Just a few times, I decided to write on the Talk page, provide information, and others can add it or not, as they see fit. The Uncle Sam page, for example, was and is terrible. It states that "Uncle Sam" is in the "Yankee Doodle" lyrics in 1775, but this is not true. The recent discovery of an "Uncle Sam" in 1810 put a final nail in the War of 1812 Samuel Wilson origin. That was finally added, but the entry is still poorly written and doesn't have the recent work of War of 1812 scholar Donald Hickey and the New York Times article that was published this month. My website absolutely should be cited, instead of an ancient Straight Dope article, for example. But I don't write for Wikipedia.

I wrote on the "Colored People's Time" talk page with the earliest cite (my website also looks at Jewish Time), and someone added that. It was cited in print over 50 years earlier than what WIkipedia had.

Someone added my work on Marfa, and while I found the cite that proves the Jules Verne origin, I found a host of other important citations. I should be given named credit for my work, but you took my name off.

Gerald Cohen and I also wrote a book on the hot dog. The National Hot Dog & Sausage Council recognizes me as a "hot dog" scholar, and my website provides all of the relevant cites--something found nowhere else. You removed the link.

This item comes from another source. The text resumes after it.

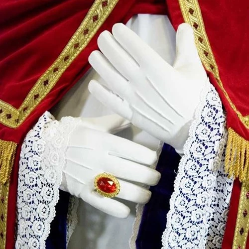 De mooie witte luxe handschoenen zijn onmisbaar voor Sinterklaas. Deze Sint handschoenen zijn gemaakt van 100% Katoen en uitwasbaar met een handwasprogramma op 30 graden. Deze Sinterklaas handschoenen hebben een totale lengte van 40 cm (volwassen maat).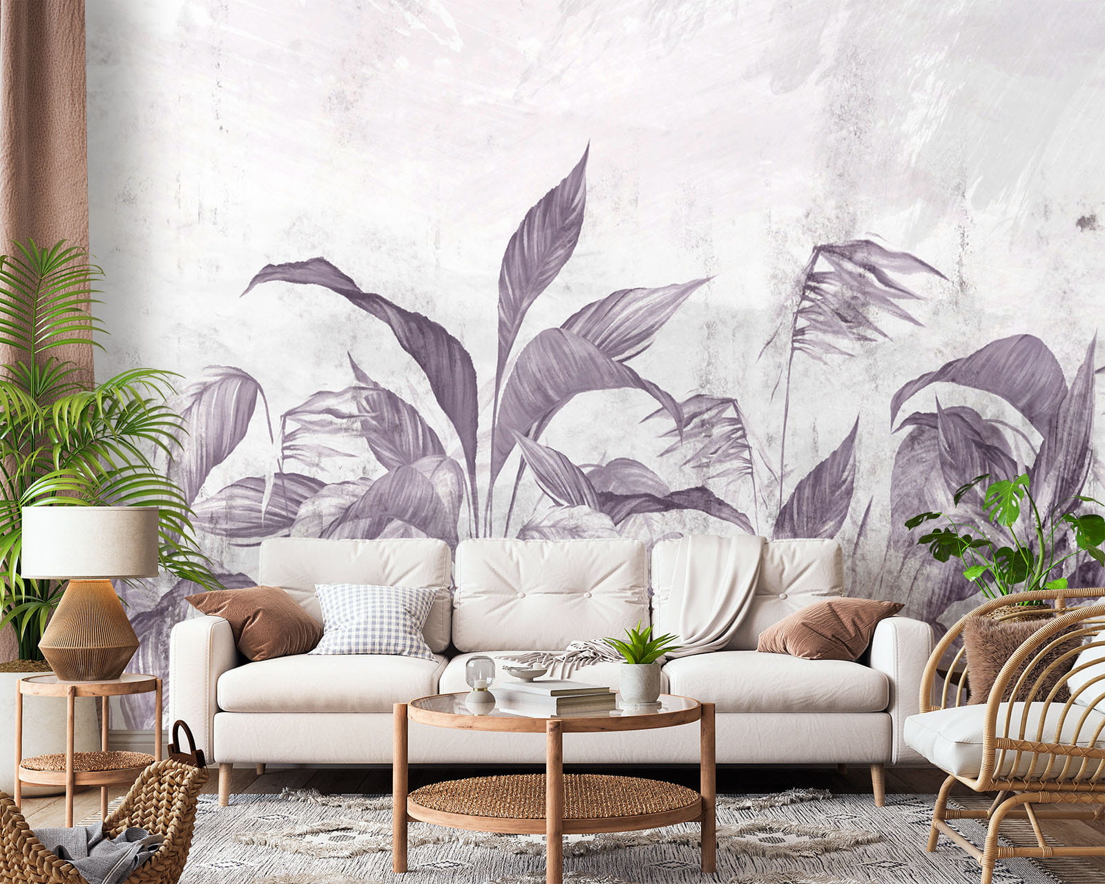 Fototapeta do salonu sypialni BETON LIŚCIE PALMY

My "Great White Way" work was originally published 25 years ago in Comments on Etymology. I added it to my website in 2004. I found the first 1902 cite and the Shep Friedman credit--and I traveled to Fort Worth to visit his grave. You removed the link to Wikipedia and it now credits someone who plagiarized my work.

This all brings us to "May the Fourth be with you." I again found the earliest cites--more than one. I also found the the earliest cite for "Star Wars Day" (1994). I also provided trademark information. This is stuff Wikipedia readers should know. I haven't written for WIkipedia in 10 years, but I mentioned the new material on the Talk page--and you went ballistic on me! You even called me "sad."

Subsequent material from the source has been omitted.